The feature extractor in our model is implemented using a 50-layer ResNet, which has been pre-trained on datasets provided by the ImageNet platform. From this model, we have chosen two output points. The first one produces a 14x14 volume, which we use as input for the keypoint detection module. The second output point generates a vector with 2048 features, which we use as input for the clothing item localization and classification module. The set of features computed between the first and second output points can be interpreted as global features of the image. This allows our model to effectively analyze the overall structure and content of the image, contributing to its accuracy and efficiency in detecting objects and keypoints.
The clothing item localization and classification module consists of an intermediate dense operation and two outputs. One output performs the bounding box regression for the clothing item, while the other predicts the clothing item’s class, encoded in a one-hot format. The regression output is trained using the mean squared error loss function, while the classification output is trained using the cross-entropy loss function, applied in conjunction with the softmax activation.

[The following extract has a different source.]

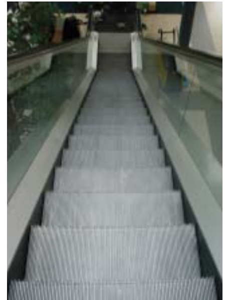
Die Rolltreppe vor und nach der Reinigung durch die Nils Bogdol GmbH

Für Hochglanz bis in die letzte Rille sorgte die anschließende manuelle Reinigung. Nach nur 6 Arbeitsstunden strahlte nicht nur die Treppe, sondern auch der Inhaber des Kaufhauses. Mit diesem glänzenden Ergebnis innerhalb der kurzen Zeit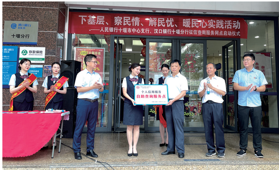
人行十堰市中支坚持征信为民理念,满足线上+线下多元化征信查询服务需求。

The keypoint detector can be interpreted as applying a small localizer for each spatial position of the feature extractor’s output volume, implemented with convolutional operations. In other words, the intermediate layer has a 3x3 filter and 1024 activation maps, which is equivalent to applying a dense operation with an output vector of 1024 features. Subsequently, we apply the dense operation to each of these feature vectors using a convolutional operation with a 1x1 filter. This approach enables our model to effectively detect keypoints of interest on the clothing items within the image.
We train each branch of the model separately during 40 iterations, batch size of 30 and Adadelta optimizer. The Garment localizer achieves: 100% accuracy on classification and 43% classification+localization. The Landmark detector achieves: 37.8% mAP.

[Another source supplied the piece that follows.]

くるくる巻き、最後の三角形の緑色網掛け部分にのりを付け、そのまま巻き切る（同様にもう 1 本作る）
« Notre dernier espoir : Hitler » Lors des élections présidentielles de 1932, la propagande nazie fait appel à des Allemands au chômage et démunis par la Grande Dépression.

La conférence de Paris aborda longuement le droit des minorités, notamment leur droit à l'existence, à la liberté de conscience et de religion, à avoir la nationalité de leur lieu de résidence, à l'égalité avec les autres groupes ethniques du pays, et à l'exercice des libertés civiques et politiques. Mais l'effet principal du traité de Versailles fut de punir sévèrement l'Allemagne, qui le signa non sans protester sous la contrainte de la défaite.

We have shown a possible way to perform landmark detection together with garment localization, based on a object detection approach. We should notice, though, the fact that for some landmark classes the AP is 0% i.e., no predictions are made. This, together with the fact that many hyper-parameters can be tweaked and the dataset is not very large, hints to the fact that better results could be obtained. To attempt to tackle more complex problems, different from simple classification and/or regression, it is important to understand each type of module, and the gradient descent dynamics. When implementing custom losses or layers, the vectorial paradigm is always present. Better tools for the development of such systems can be envisioned, that would contribute to quicker design and implementation iterations. Instead of attempting to extract all the landmarks and garment class+localization in one step, other approaches should be considered. For instance, given an image what’s the best point to grasp? Or, how much folded is the present garment piece?